Diese Abhängigkeit sieht auch Jennifer Latuperisa. Natürlich sei man abhängig. Das beginne schon bei der Zulieferung hochwertiger Fotos. Umgekehrt sei dies auch ein Fluch, denn viele Unterstützungsgelder für eigene Recherchen gingen heute direkt in die PR und stünden nicht mehr zur Verfügung.

Ist Tourismus-PR hier in einer Sondersituation? Im Lokaljournalismus, zum Beispiel, ginge eine Zusammenarbeit mit PR gar nicht, sagt Joachim Braun. Vorort-Recherche und eigene Geschichten zählten hier ganz alleine.

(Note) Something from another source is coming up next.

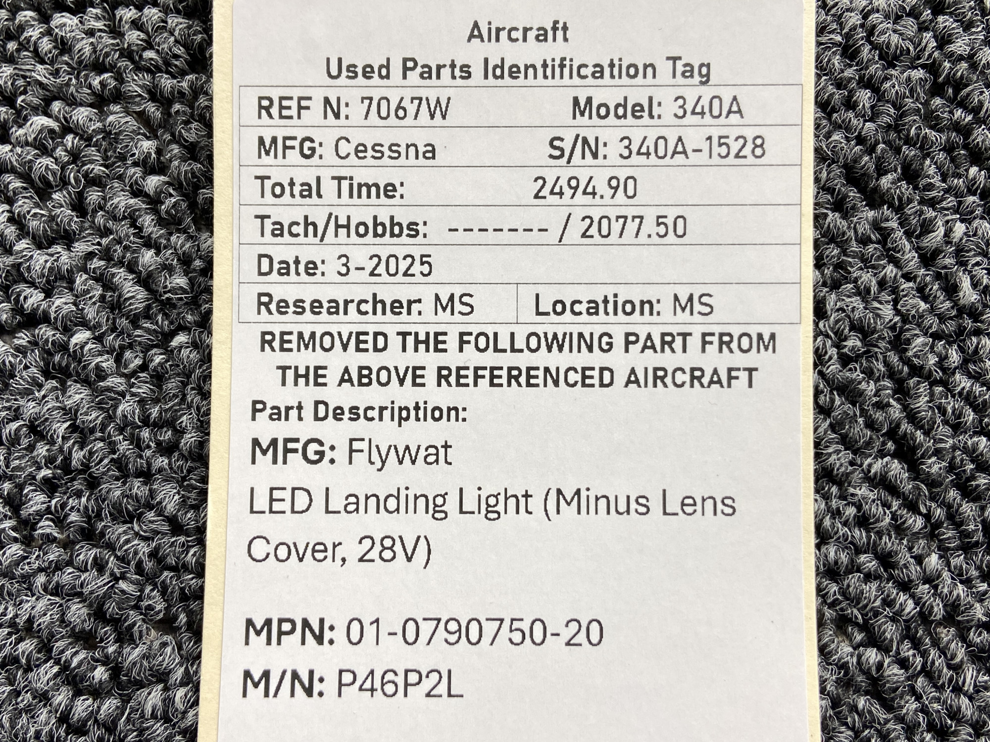 Unless specifically noted, most of our used airplane parts are sold in the condition they were removed, which means you should expect the usual signs of wear and tear.

Den eindeutigen Trend zur PR sieht ganz klar Matthias Eberle. Das liege auch daran, dass in den immer kleiner werdenden Redaktionen, die Menge der Anforderungen immer größer werde.

Reisejournalismus in 10 Jahren?

Joachim Braun (Frankfurter Neue Presse): Die, die es schaffen eine Marke zu werden, haben eine Chance. Funktionieren wird das nur digital.

Jennifer Latuperisa (Reisen-Exklusiv): Ich weiß es nicht. Ich hoffe aber.

Matthias Gürtler (Touristik aktuell): Fachpresse wird es geben, die Frage ist in welcher Form

Matthias Eberle (Kommunikation Eurowings): Mobile First!